I wrote them into a folder with level 5 compression in zstd. The new directory, with parquet files and ids, is a tenth the size: 6.4GB vs 63GB for the zipfile I downloaded. Why on earth have I downloaded massive XML files when I just want text? Who really wants this positional text, anyway? I’ve used it a few times over the years–but most people want text, not XML. Zipfiles at least are nice, because I can grab the specific files I want. But they’re also slow in their own right. I start parsing at 22:21, and leave my computer open–looking at the timestamps, I don’t finish the last file until more than two hours later, at 00:31.
This is bonkers. Mediocre zip compression and uselessly XML-encoded data mean that it takes two hours just to look at the data in the most cursory way. It’s important to distribute things in a complete format, but it’s also important not to waste resources making things too hard to parse. With the parquet formatted versions of the data, it takes not two hours but 55 seconds to parse through every file in this set. That’s a major improvement–100 times faster to read, and one-tenth the size. Both of those are big enough differences that they actually affect whether this data is usable or not.
matches = []
from pyarrow import compute as pc
for p in Path("parquet_files").glob("*.parquet"):
a = parquet.read_table(p)
which = pc.match_substring(a['pages'], "Gustav Mahler")
matches.append(a.filter(which))
So–now we’ve got a huge set of text in a fairly navigable form. But we don’t know what the records are. The identifiers are all things like 9200300/BibliographicResource_3000123565676/4
; aside from the page number, it’s not clear what any of those mean. My working theory to this point was that 9200300
meant the Neue Freie Presse and BibliographicResource_3000123565676
means the individual issue; but I need to know for sure.
Sorting is information
At this point, I start putting the identifiers into the web site and figuring out the layout of the metadata here. It turns out that this is not just one newspaper, but lots–probably everything contributed from the OSB to Europeana. And, stunningly, the order seems to be completely random? I call the web based Europeana API and get a dcTitle field in this order:
["Der Humorist - 1847-01-29"]
["Blätter für Musik, Theater und Kunst - 1871-09-19"]
["Wiener Zeitung - 1841-10-18"]
["Der Humorist - 1841-03-10"]
["Neue Freie Presse - 1871-10-22"]
["Innsbrucker Nachrichten - 1859-11-25"]
["Die Presse - 1867-06-25"]
["Das Vaterland - 1862-09-26"]
["Wiener Zeitung - 1705-02-28"]
["Wiener Zeitung - 1868-12-04"]
There a couple things weird here. One is the random order. I suppose that this could be my fault, because I just used the filenames from the zipfile in the order they appeared, rather than sorting. But that itself is a problem–the zipfile should have more of an inherent order. It is an underappreciated fact that good sorting is good compression; the more natural an order information appears in, the better it will compress. And of course, the fewer files people will have to download.

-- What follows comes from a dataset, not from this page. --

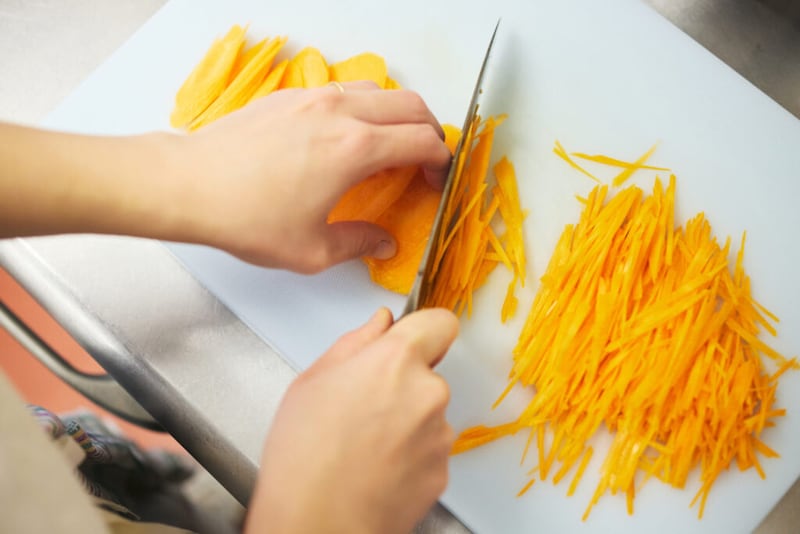 人参は千切りにし、全体の重さの2%の塩をまぶして10分ほど置いて水分を出す。

The other is that “title” is wrapped in an array: apparently in the EDM things can have multiple titles. OK, that’s something I can work with.
So now I have a clear plan.
Get metadata for every record.
Match it to the papers.
Write out each newspaper in chronological order.
To get the metadata, I have to find it–there is no metadata in the data dumps. First I do it using the API. https://api.europeana.eu/record/v2/{id}.json?wskey={api_key}'
But it quickly becomes clear this won’t scale: Running overnight I’ve only download 35,000 of 1.3 million records. So I go back to the Europeana page and download another enormous zipfile–a 4 gigabyte one with records for the entire set. How this manages to be so large isn’t initially clear to me–perhaps, I think, they’ve bundled the full text into it?
The answer turns out to be that there is massive amounts of text for each record because, chiefly, every records repeats an extremely long definition of ‘ newspaper ’ in many different languages. That this balloons the size so much is a failure of an over-literal use of linked data. Perhaps there would be a way to reference it as an element in a single HTML file, but really, no one cares. This part of the data model will never be used outside a Europeana site–there is some base-covering in distributing it, but it’s a massive inconvenience for researchers to have the following block of text (and something vaguely equivalent in Latvian, Arabic, Russian, etc.) **repeated 1.6 million times in a file that’s supposed to be a metadata dump about newspaper issues:
Many newspapers, besides employing journalists on their own payrolls, also subscribe to news agencies (wire services) (such as the Associated Press, Reuters, or Agence France-Presse), which employ journalists to find, assemble, and report the news, then sell the content to the various newspapers. This is a way to avoid duplicating the expense of reporting.
Now, I understand the need for clear URIs for concepts and the benefits of linked open data. But the nature of linked open data is that any individual record can be ballooned indefinitely. Why is there a definition of ‘ newspaper ’ at such tedious length and not, say a full expansion of the geographic definition of ‘ Graz ’ where it appears? I am sure there is a reason–but I’m equally sure it’s not really a good one.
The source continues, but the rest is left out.